И наконец, мы напомнили себе, что все бремя аргументации по кейсу лежит на людях. Опыт озвучивания собственных идей с четким пониманием того, что они вот-вот будут оспорены, бывает разрушительным для любого, но особенно для тех, кого обсуждаемый вопрос касается лично. Мы как участники дебатов должны быть максимально внимательны к таким людям – и не потому, что это «снежинки», как принято в насмешку называть чрезмерно чувствительных людей, а потому, что это человеческие существа, представители биологического вида, от природы склонного к обиде и психологическому истощению. Нам нужно меньше заботиться о свободе выражения иного мнения, чем об ответственности за то, что это делается неправильно, без оглядки на чувства людей.

Эти контрольные списки – RISA для личных споров и политические аспекты публичных дискуссий – выглядели как настоящая обуза. Попросту говоря, они требовали от нас замедлить темп и обдумать ситуацию в самый разгар спора, именно тогда, когда нужна мгновенная реакция.

Один из моих наставников в университете, оказавших на меня самое большое влияние, литературовед Элейн Скарри, считала, что ситуации, требующие обоюдного согласия, выигрывают от «засорения» – разного рода препятствий и КПП, которые замедляют ход дискуссии и заставляют людей раз за разом подтверждать свое согласие. Например, брачные церемонии обычно предполагают широкие возможности для обоих вступающих в брак в последнюю минуту пойти на попятную (вспомните хотя бы о долгом и медленном проходе к алтарю), а необязательные медицинские процедуры часто включают периоды «на отдых», которые длятся неделями, а то и месяцами.

Профессор Скарри утверждала, что такие «засорения» особенно важны в конфликтных ситуациях. Если одними из целей коллективного существования становятся защита людей от разного рода ущерба и поддержание мира, то государство и его граждане могли бы принимать более серьезные решения, чем преднамеренно вредящие человеку. Именно этим объясняются, например, многоуровневые апелляции, отделяющие обвинительный приговор от наказания.

Исторические процедуры, регулировавшие дуэли, – например, codes duello эпохи европейского Возрождения – предусматривали сложную «хореографию», полную пауз и других возможностей для участников отказаться от продолжения конфликта. С точки зрения профессора Скарри, эта потребность согласия в конфликте играет крайне важную роль в борьбе против применения ядерного оружия, которое, обладая огромной разрушительной силой, исключает возможность рационального обдумывания.
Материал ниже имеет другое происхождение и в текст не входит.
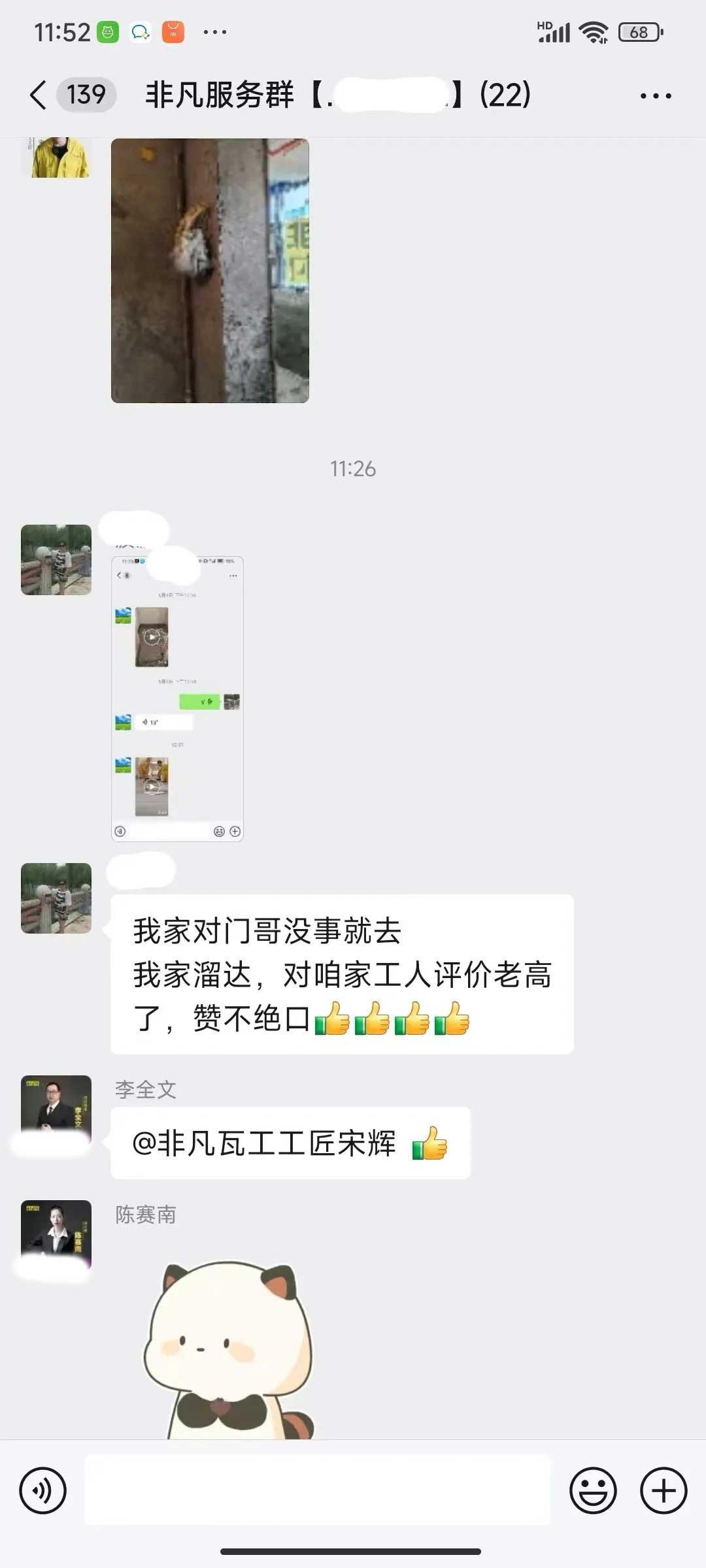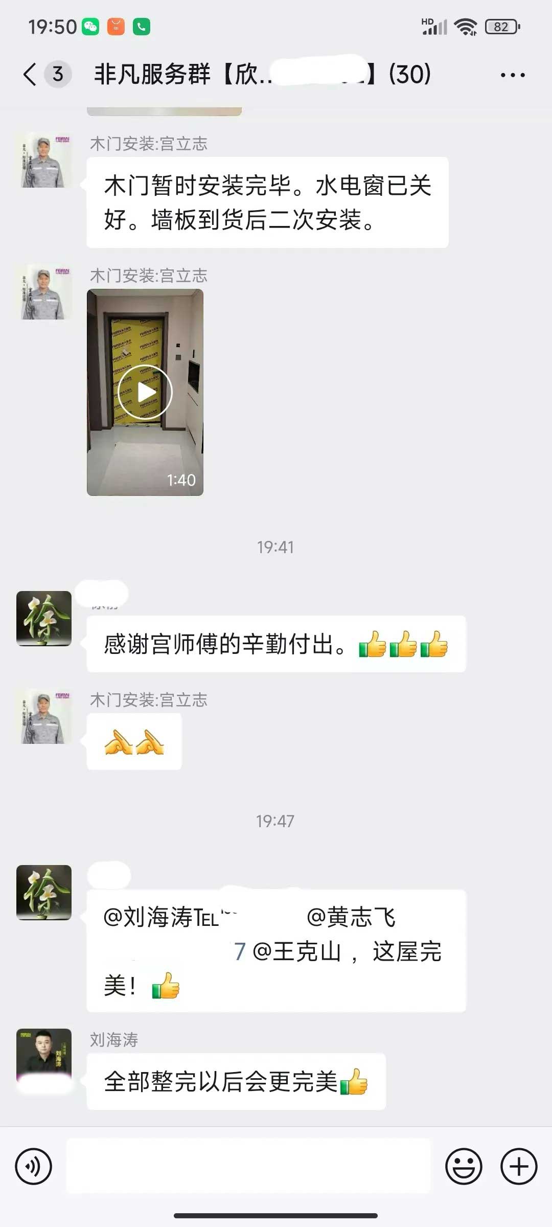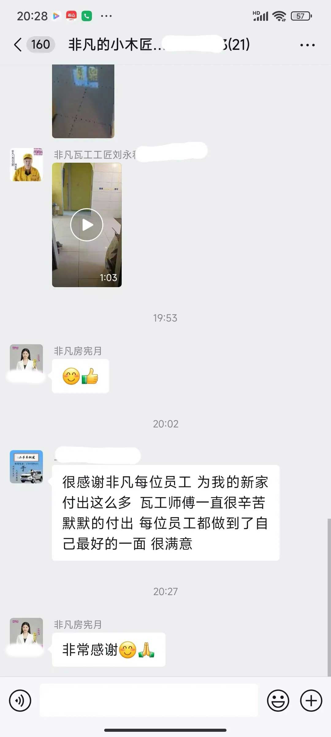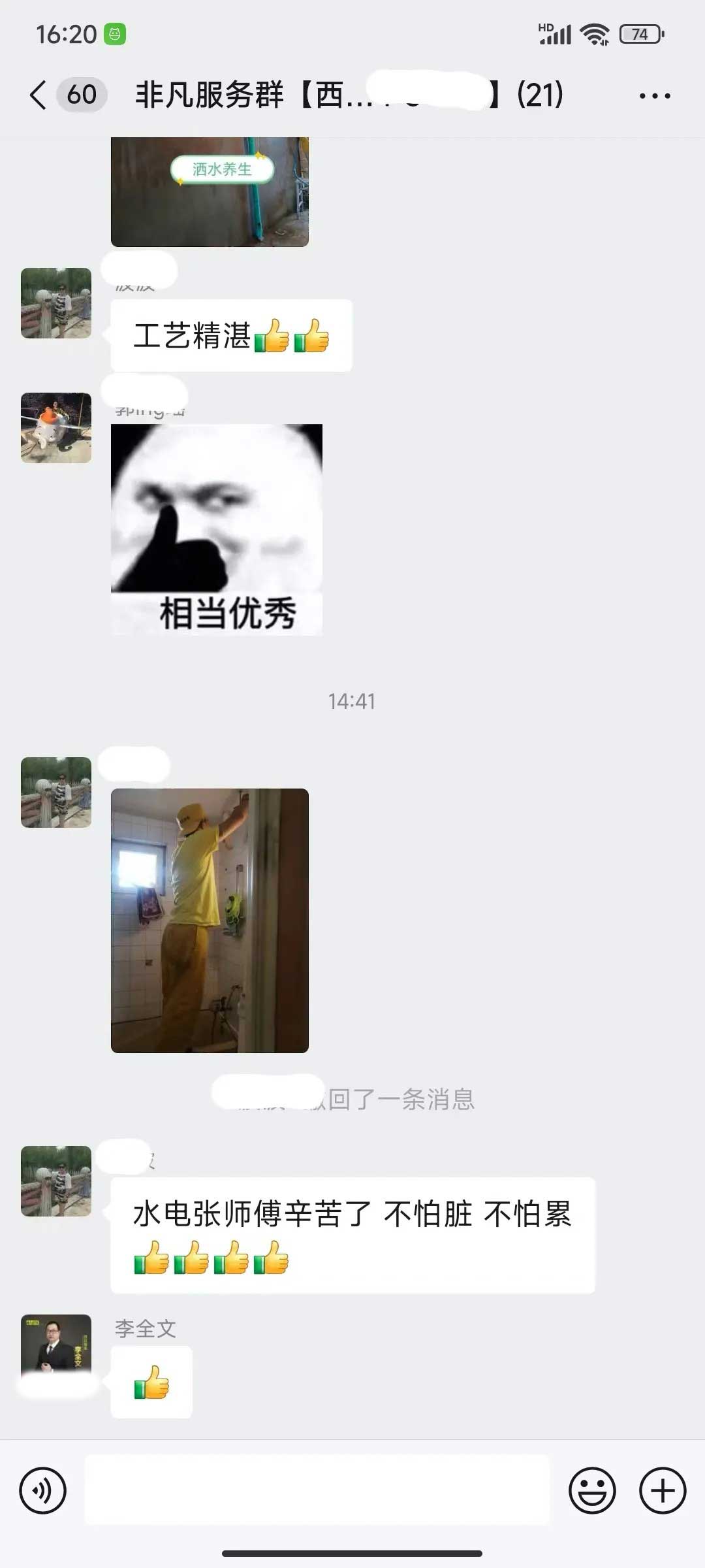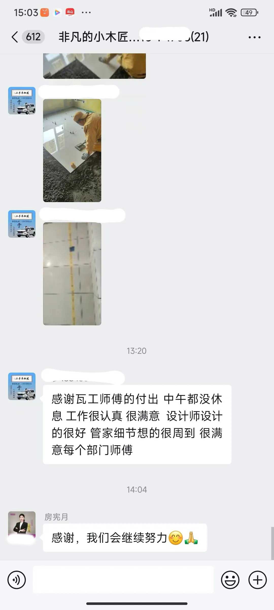 @业主们说:“感谢你为我们新房付出的劳动,祝您今后生活愉快工作顺利”、“每个员工都做到了自己好的一面”、“质量优良,大国工匠”...

Я собственными глазами видел подтверждение теории профессора Скарри, только в гораздо меньших масштабах. В среднем самой серьезной ссорой, с которой мы с наибольшей вероятностью сталкивались за день, становилась словесная перепалка. Такие споры истощают нас и причиняют боль. Но в них нет перерывов – ни малейшего шанса спросить, согласны ли мы вообще в них участвовать. Вместо этого мгновенно срабатывают синапсы, и из наших ртов вылетают жестокие и обидные слова. А вопрос о том, стоило ли вообще спорить и ссориться по этому поводу, обычно встает лишь потом, задним числом.
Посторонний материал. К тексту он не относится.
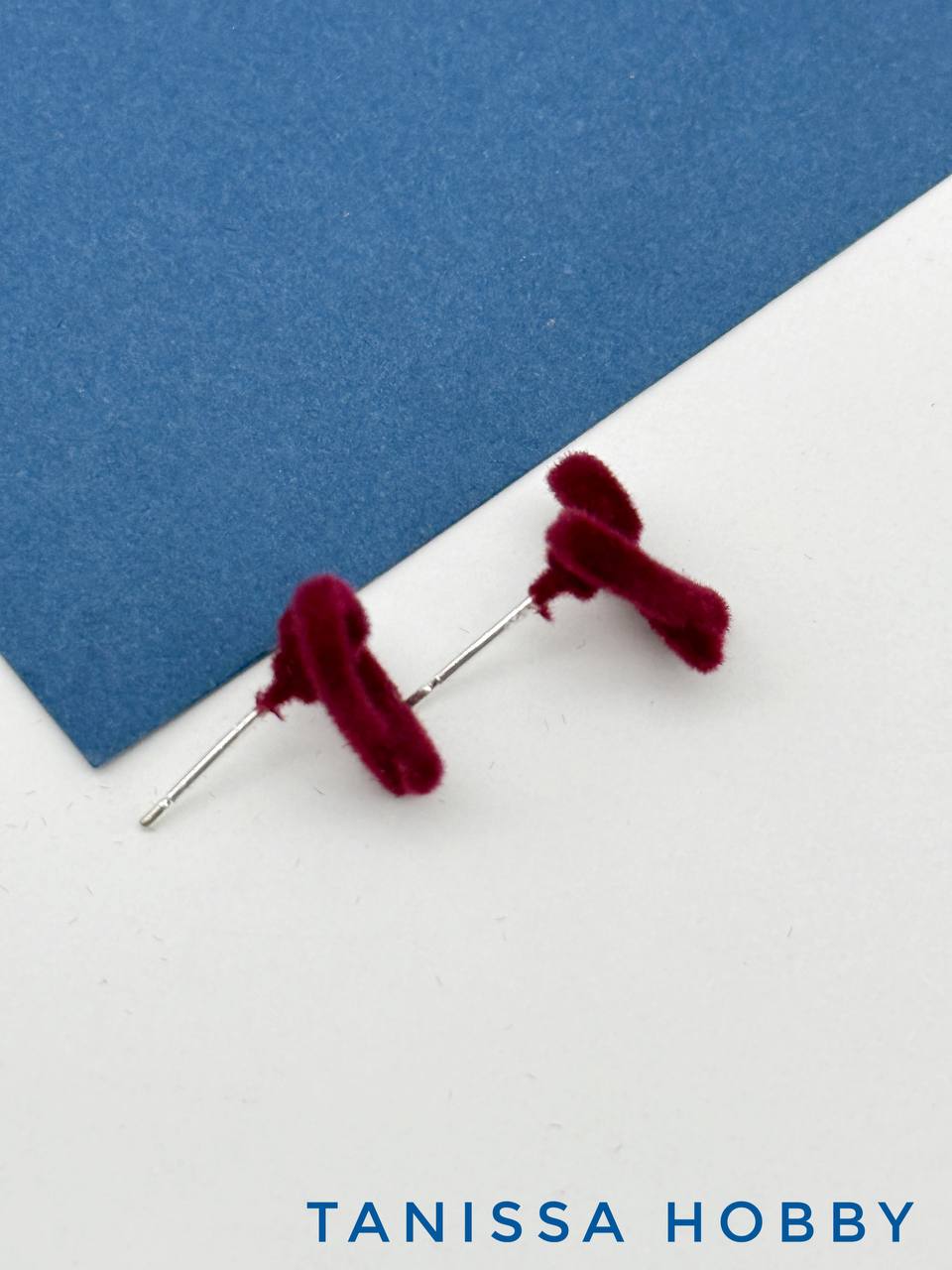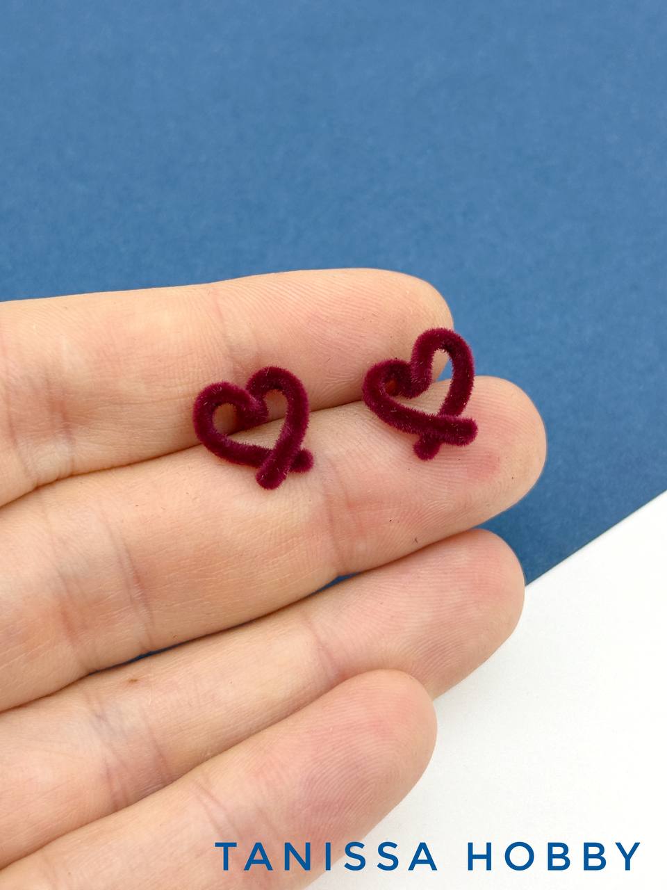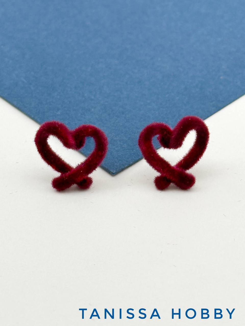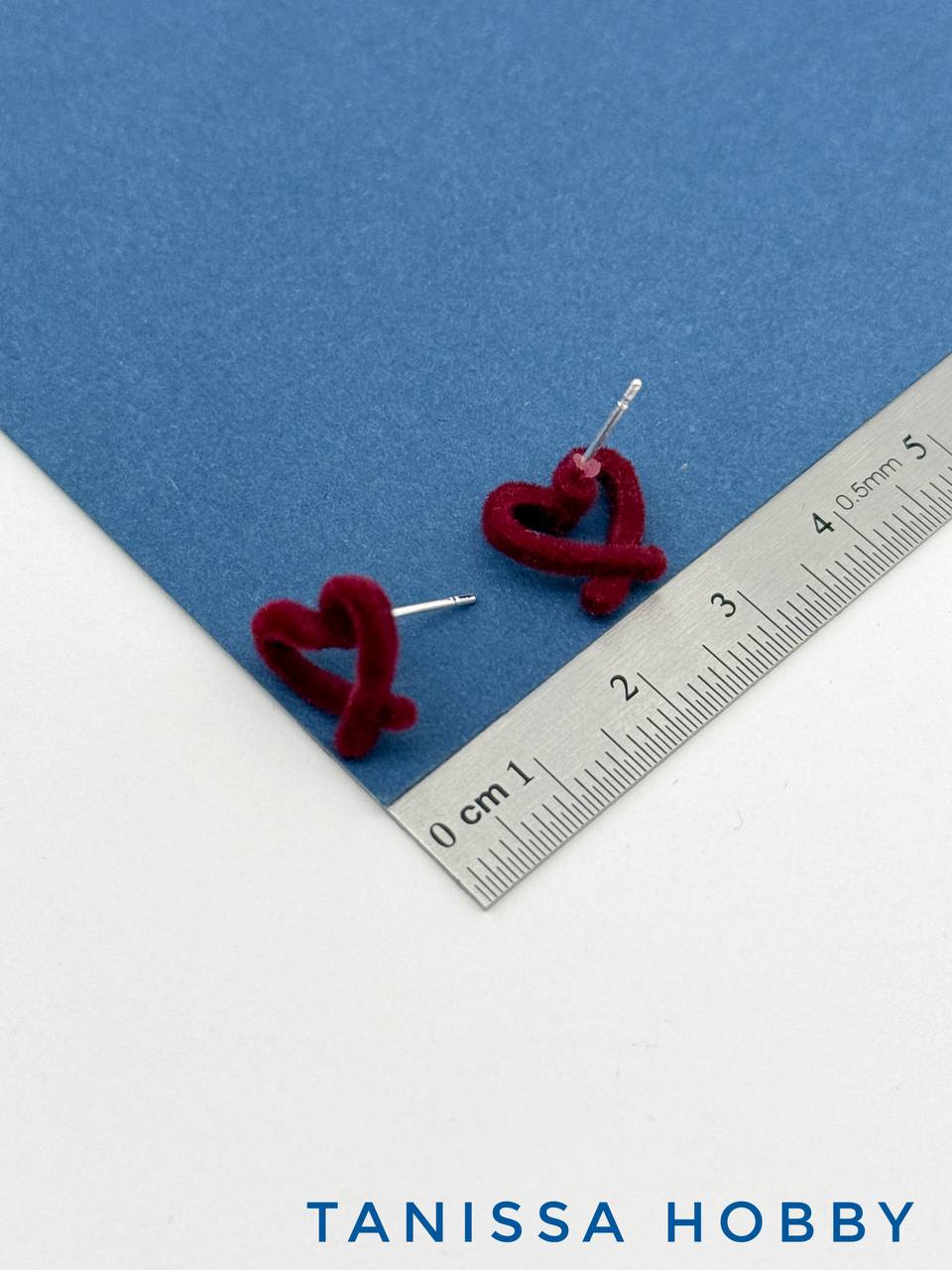 Швензы пусеты плюшевое сердце, бордовый бархат, Е527

Для меня эти два контрольных списка – мой RISA и соображения, связанные с выбором тем для дебатов, – стали необходимым «засорением» в спорах. Цель была не в том, чтобы исключить любые споры, а в том, чтобы исключить неконструктивные дискуссии и сосредоточиться на вопросах, по которым действительно есть смысл спорить. В мире, где слишком много поводов для ссор и разногласий, мы должны иметь возможность выбирать свои сражения. Кроме того, скоро мне предстояло узнать, что время вдали от бесконечных споров может принести огромную пользу.

* * *

Через несколько недель после описанного выше собрания, посвященного определению тем для дебатов, когда на наш кампус уже опустились осенние холода, я снова поймал себя на мыслях об этом занятии. Начиналось все довольно невинно, с поиска в интернете последних результатов лиги и видео раундов; затем начались долгие разговоры с Фанеле о славных деньках, когда мы вместе участвовали в дебатах. Ко Дню Колумба, второму выходному октября, я поймал себя на том, что по дороге на лекции и обратно постоянно проговариваю в уме разные идеи и риторические приемы.

Девять месяцев без дебатов пошли мне на пользу. Я отрастил волосы и начал регулярно заниматься спортом. А друзья, зная, что теперь я не уезжаю неизвестно куда на дебаты каждые выходные, начали чаще делиться со мной своими делами. Даже девушки не убегали от меня после первого свидания. Впервые с 2005 года, с тех пор как я десять лет назад начал заниматься дебатами, я ничего не выигрывал, и это было замечательно.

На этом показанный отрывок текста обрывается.